Despite the name, the Buy Nothing Christmas campaign is not really about refusing to spend a dime over the holiday season. It's about taking a deep breath and deciding to opt out of the hype, the overcrowded malls, and the stressful to-do lists. It's about reminding ourselves to really think about what we're buying, why we're buying it, and whether we really need it at all.

"First and foremost, it's about restoring authenticity to one of the world's great religious and secular traditions," said Kalle Lasn, editor-in-chief of Adbusters magazine and long-time advocate of holiday restraint. "Christmas has been warped beyond recognition by commercial forces. It's about time we took it back."
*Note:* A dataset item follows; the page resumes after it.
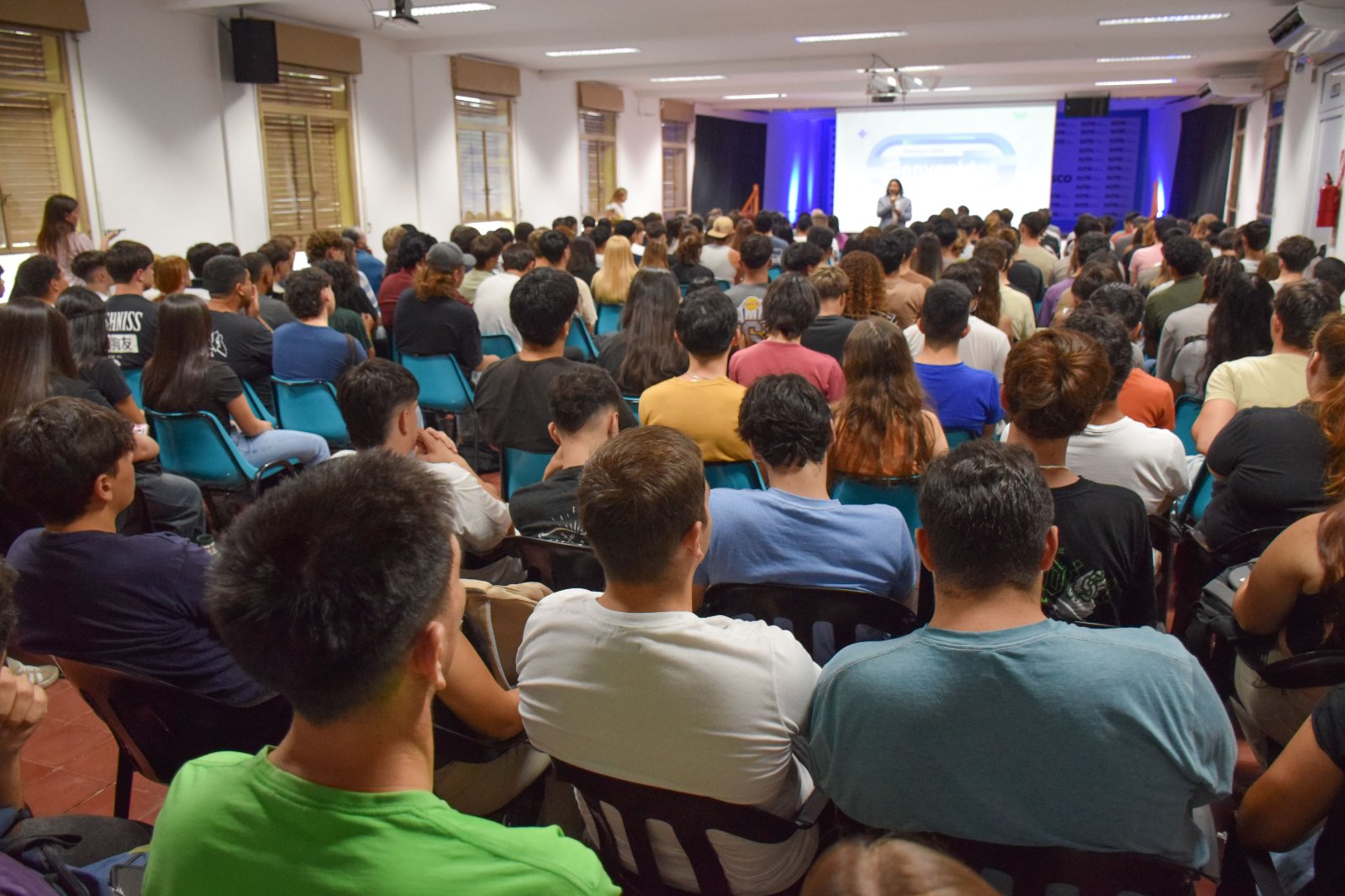 El resto de las autoridades presentes coincidieron en remarcar la importancia de la constancia, la construcción progresiva de hábitos de estudio y el acompañamiento entre pares, además de resaltar los dispositivos de tutorías, becas, pasantías, actividades deportivas y propuestas de extensión que la Facultad pone a disposición para acompañar especialmente el primer año de cursado.
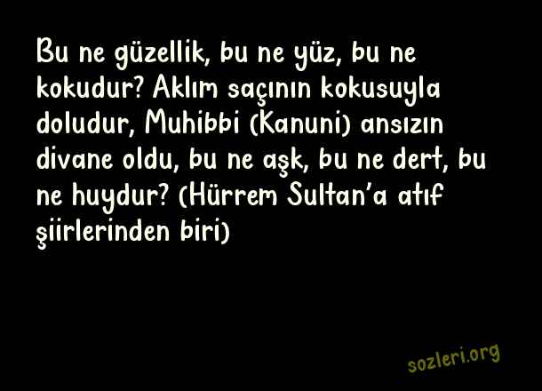 Bu ne güzellik, bu ne yüz, bu ne kokudur? Aklım saçının kokusuyla doludur, Muhibbi (Kanuni) ansızın divane oldu, bu ne aşk, bu ne dert, bu ne huydur? (Hürrem Sultan’a atıf şiirlerinden biri) ( Kanuni Sultan Süleyman )

Most participants will still exchange gifts, but will opt for recycled, homemade, locally produced, or fair-trade items. Some will excuse themselves from gift-giving altogether, and focus instead on valuable time with family and friends, on charitable works, and on rediscovering older, non-commercial holiday traditions as they also invent a few new ones.

Throughout the month of December, activism-minded participants will be taking two of these new traditions to their local malls and commercial districts. Groups of meditating Santas - dubbed "Zenta Clauses" - are offering stressed-out shoppers free soup, coffee, and a place to rest their aching feet as they take a break from buying. This year, they'll be joined for the first time by slow-moving activists in robes and Jesus masks, who will be asking their fellow shoppers one all-important question: "What would Jesus buy?"

Editor's Notes

(1) For more information on Adbusters, Buy Nothing Day, and Buy Nothing Christmas, and to read comments submitted by hundreds of people on how they are going to reduce their holiday consumption, visit www.adbusters.org.

(2) For a Christian perspective on the idea, and for tips on how to celebrate a Buy Nothing Christmas, visit www.buynothingchristmas.org.

(3) Shopping and consumption facts:

- Consumer polls from the last several years peg the per capita holiday spending average in the U.S. at around $800 - $1000, with consumer debt growing twice as fast as wages.

- Annual per capita consumption in the U.S. has risen 45 per cent in the last 20 years.

- Although people today are, on average, four-and-a-half times richer than our great-grandparents were at the turn of the century, Americans report feeling "significantly less well off" than in 1958.

- A 2003 article in New Scientist featured research suggesting that the more consumer goods you have the more you think you need to make you happy. Happiness through consumption is always out of reach (New Scientist, 4th October 2003, Vol.180, Issue 2415, p44. Available online after registering at www.newscientist.co.uk).